L’operazione è scattata quando i genitori della ragazza (oggi sedicenne), originaria della provincia di Siracusa, hanno trovato sul telefonino della figlia le immagini incriminate. I due hanno chiesto un consiglio all’Associazione Meter di Don Fortunato di Noto che li ha immediatamente diretti alla Polizia Postale di Catania. “Abbiamo ascoltato la giovane – racconta il dirigente Marcello La Bella – e abbiamo effettuato delle verifiche tecniche sullo smartphone: erano state cancellate alcune conversazioni di whatsapp che abbiamo recuperato anche perché erano utili per le indagini”.

Avviate le indagini, coordinate da Caterina Aiello, procuratore capo dei minorenni e dal pm Silvia Vassallo, e per la Procura dal pm Marisa Scavo, è stato scoperto come le foto “ammiccanti” dell’adolescente erano state scambiate attraverso internet tra più soggetti. Un sistema senza controllo che le ha portate su pc, cellulari e tablet di giovani di tutta Italia. E se nella maggior parte dei casi si trattava di studenti i incensurati, non è stato così per il romano e il milanese coinvolti. Uno dei due era stato arrestato anche per prostituzione minorile. “Questa è la dimostrazione – afferma il procuratore Aiello – che il web non è una zona franca, ma che ci sono molti rischi. I minori devono comprendere i pericoli: immettere su internet foto di parti anche intime, a prescindere dal lato etico e morale, rappresenta un grave rischio per se stessi e per i giovani con cui sono in contatto. Dalle nostre indagini emerge come questa attitudine a scambiare foto tramite cellulare o attraverso piattaforme social sia molto diffusa tra i minori, e questo porta a incentivare i reati di pedopornografia on line. Rischiano – aggiunge –di essere adescati in rete”.

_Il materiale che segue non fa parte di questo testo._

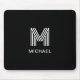 Atualize seu espaço de trabalho com este mouse pad moderno e na moda monograma. Com um fundo preto elegante, ele mostra um nome e uma inicial personalizados em uma fonte limpa e contemporânea. Criada com uma superfície lisa e materiais duráveis, essa cobertura do mouse garante controle preciso do mouse e uso duradouro. Seu design minimalista o torna perfeito para uso profissional ou pessoal, acrescentando um toque de sofisticação a qualquer mesa.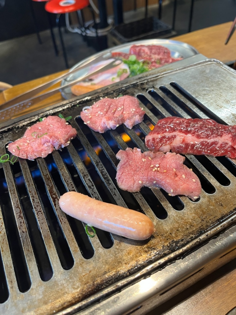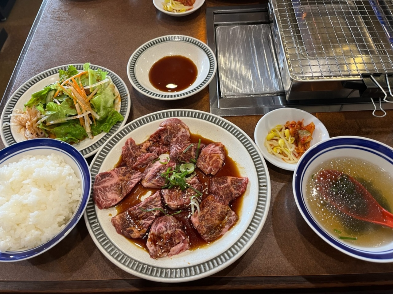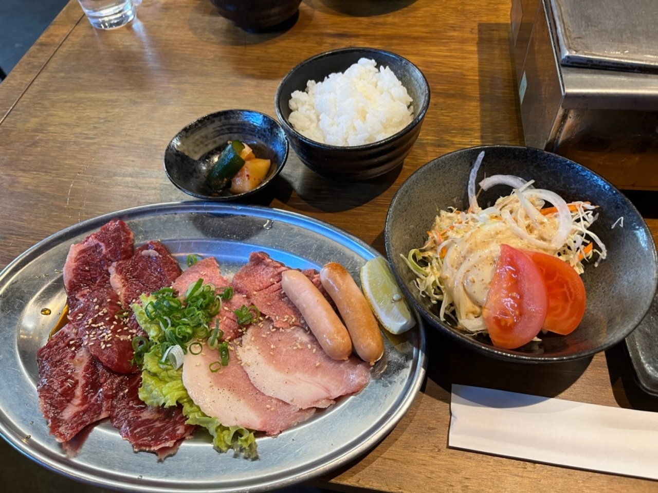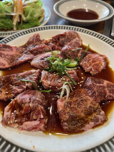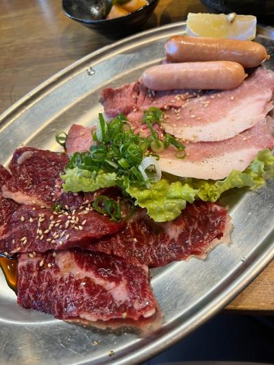 城東区の蒲生の『城東商店街』内にある焼肉屋さんです。こちらではランチメニューがお得です。土曜日のランチで利用。土日限定の焼肉ランチ1540円を注文。ロースターで焼いて食べます。タレはポン酢、味噌ダレ、醤油ダレの3種類。個人的には醤油ダレが一番好きです。肉は、赤身、豚トロ、タン、ソーセージ。美味しいのですが、少し量が少ないかなあ。サラダとご飯、ワカメスープ、キムチが付きます。駐車場はありませんが、すぐ近くにコインパーキングがあります。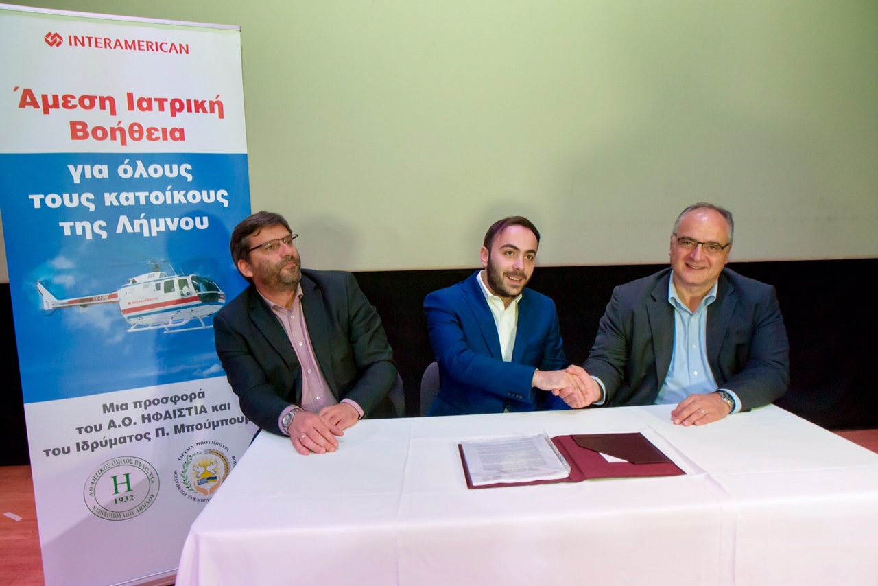 Ο Αντιπρόεδρος του «Ιδρύματος Μπούμπουρα», Σπύρος Μπούμπουρας, υπέγραψε την Τετάρτη 22 Νοεμβρίου, το συμβόλαιο ασφάλισης υγείας όλων των κατοίκων της Λήμνου και την αερομεταφορά ασθενών σε περίπτωση ανάγκης, με την Ασφαλιστική Εταιρία Interamerican.

Non solo facebook, dunque, rappresenta un luogo virtuale pieno di insidie. Ma anche i nuovi strumenti di condivisione e messaggistica dei cellulari. Con whatsApp è nato il fenomeno del “sexting”. “E questa operazione è una conferma – dichiara La Bella – di quello che quotidianamente diciamo nei nostri incontri nelle scuole”. L’operazione ha portato a perquisizioni in 16 città italiane: Catania, Siracusa, Ragusa, Palermo, Caltanissetta, Reggio Calabria, Potenza, Avellino, Roma, Reggio Emilia, Lucca, Milano, Torino, Cuneo, Treviso e Venezia. Sono stati sequestrati cellulari, tablet e computer.  E dalle prime verifiche sono state “scovate” le foto dell’adolescente che ha denunciato, ma alcuni degli indagati avevano un vero e proprio archivio di materiale pedopornografico di minori. Immagini che ritraevano adolescenti. Questi file saranno ancora oggetto di analisi da parte della polizia postale di Catania.

Il giovane (maggiorenne) che aveva “indotto” la ragazza siracusana a scambiare con lui le foto osè è stato anche denunciato per violenza privata. Ad un certo punto è arrivato anche a minacciarla affinché gli inviasse, sempre tramite WhatsApp, altre immagini.